YOUR GOAL → Please output the line containing "足首からふくらはぎ辺りが一番" and all lines that follow it in the data below, exactly, with no pictures.

Records from a data collection →
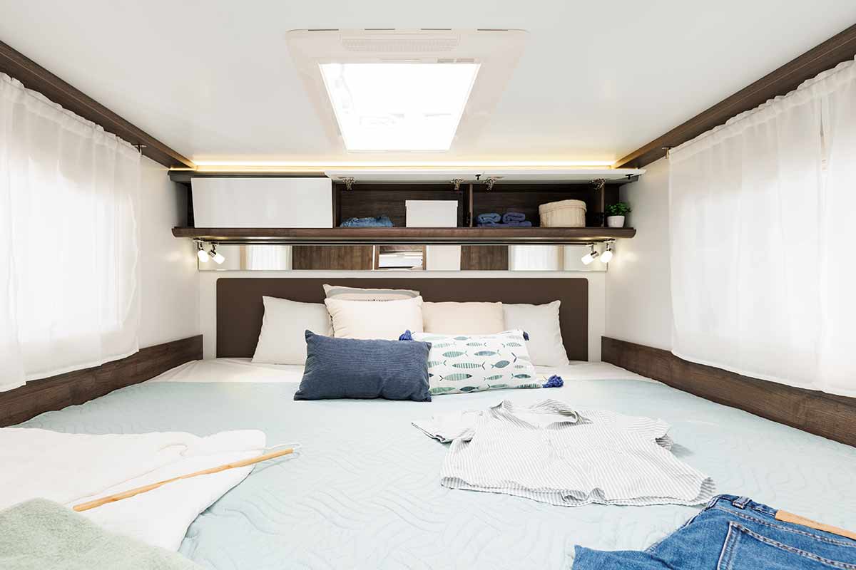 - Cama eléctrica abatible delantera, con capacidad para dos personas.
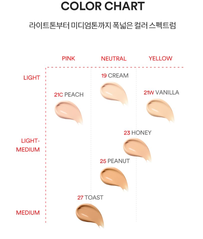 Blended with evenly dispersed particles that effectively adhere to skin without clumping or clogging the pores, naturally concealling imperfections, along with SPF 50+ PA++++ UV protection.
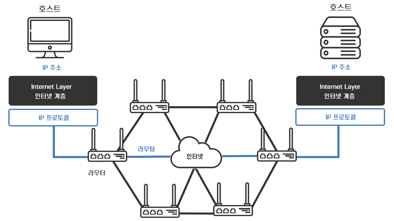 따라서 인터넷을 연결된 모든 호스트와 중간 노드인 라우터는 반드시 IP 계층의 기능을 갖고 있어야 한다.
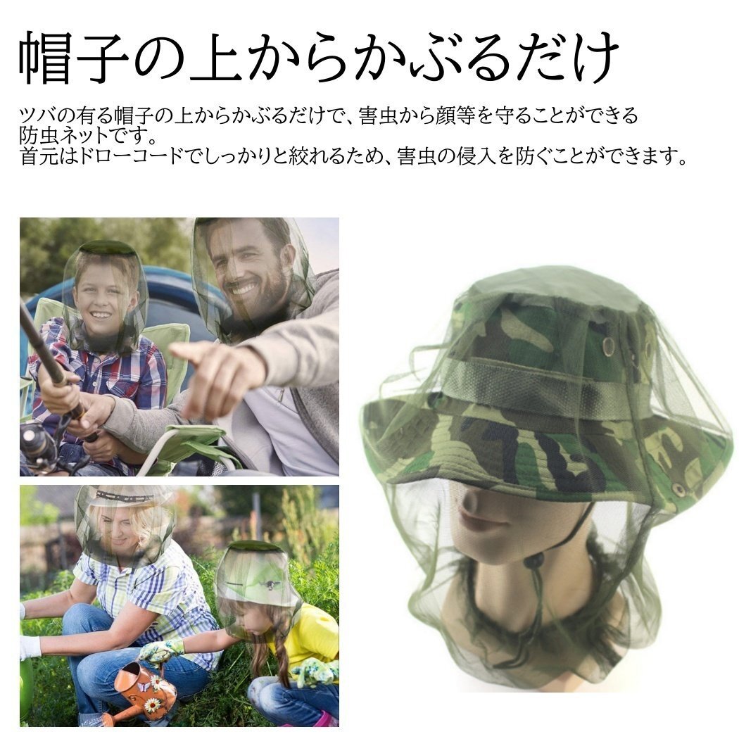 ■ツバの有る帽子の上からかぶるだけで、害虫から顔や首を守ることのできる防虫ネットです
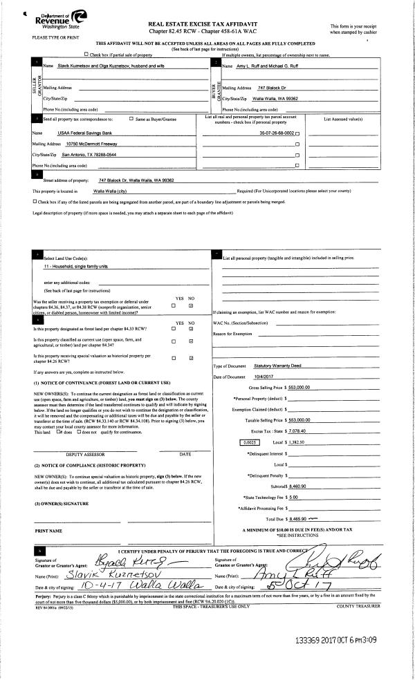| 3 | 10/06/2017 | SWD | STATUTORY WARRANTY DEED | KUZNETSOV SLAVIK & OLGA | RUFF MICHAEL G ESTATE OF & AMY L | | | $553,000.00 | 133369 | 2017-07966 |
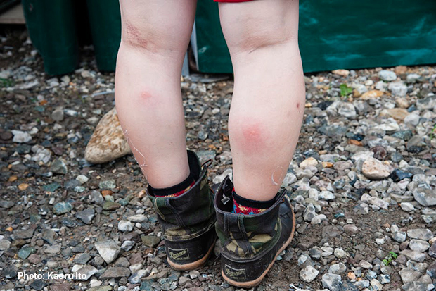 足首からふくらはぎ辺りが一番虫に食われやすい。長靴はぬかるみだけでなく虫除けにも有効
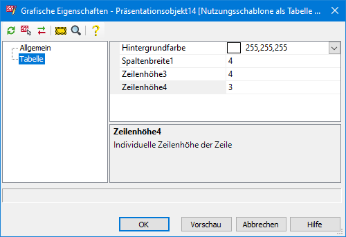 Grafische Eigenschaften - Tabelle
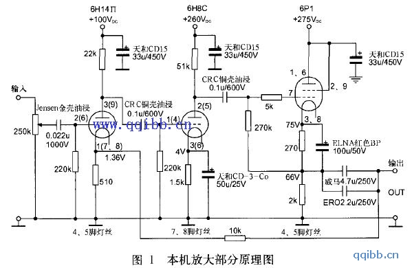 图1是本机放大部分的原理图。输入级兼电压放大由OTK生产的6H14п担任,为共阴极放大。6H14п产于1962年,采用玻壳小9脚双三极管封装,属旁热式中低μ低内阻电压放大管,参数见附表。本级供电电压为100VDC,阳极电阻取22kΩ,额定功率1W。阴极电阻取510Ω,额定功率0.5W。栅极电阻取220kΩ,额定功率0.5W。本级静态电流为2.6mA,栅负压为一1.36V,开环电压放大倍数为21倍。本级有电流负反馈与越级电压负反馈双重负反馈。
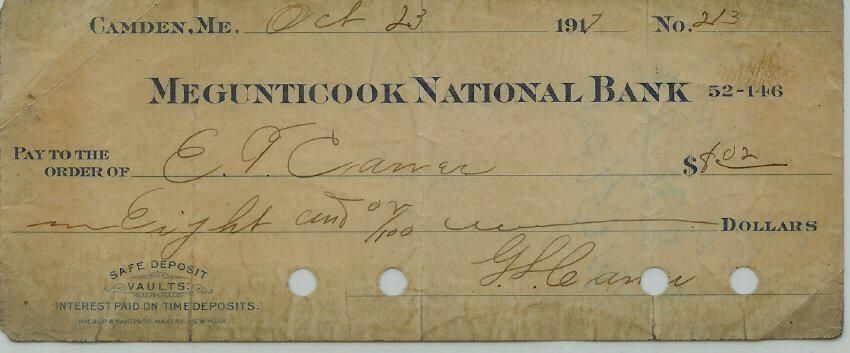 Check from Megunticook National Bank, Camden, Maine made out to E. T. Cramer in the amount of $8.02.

COMPLETED EXERCISE →
 足首からふくらはぎ辺りが一番虫に食われやすい。長靴はぬかるみだけでなく虫除けにも有効
 Grafische Eigenschaften - Tabelle
 图1是本机放大部分的原理图。输入级兼电压放大由OTK生产的6H14п担任,为共阴极放大。6H14п产于1962年,采用玻壳小9脚双三极管封装,属旁热式中低μ低内阻电压放大管,参数见附表。本级供电电压为100VDC,阳极电阻取22kΩ,额定功率1W。阴极电阻取510Ω,额定功率0.5W。栅极电阻取220kΩ,额定功率0.5W。本级静态电流为2.6mA,栅负压为一1.36V,开环电压放大倍数为21倍。本级有电流负反馈与越级电压负反馈双重负反馈。
 Check from Megunticook National Bank, Camden, Maine made out to E. T. Cramer in the amount of $8.02.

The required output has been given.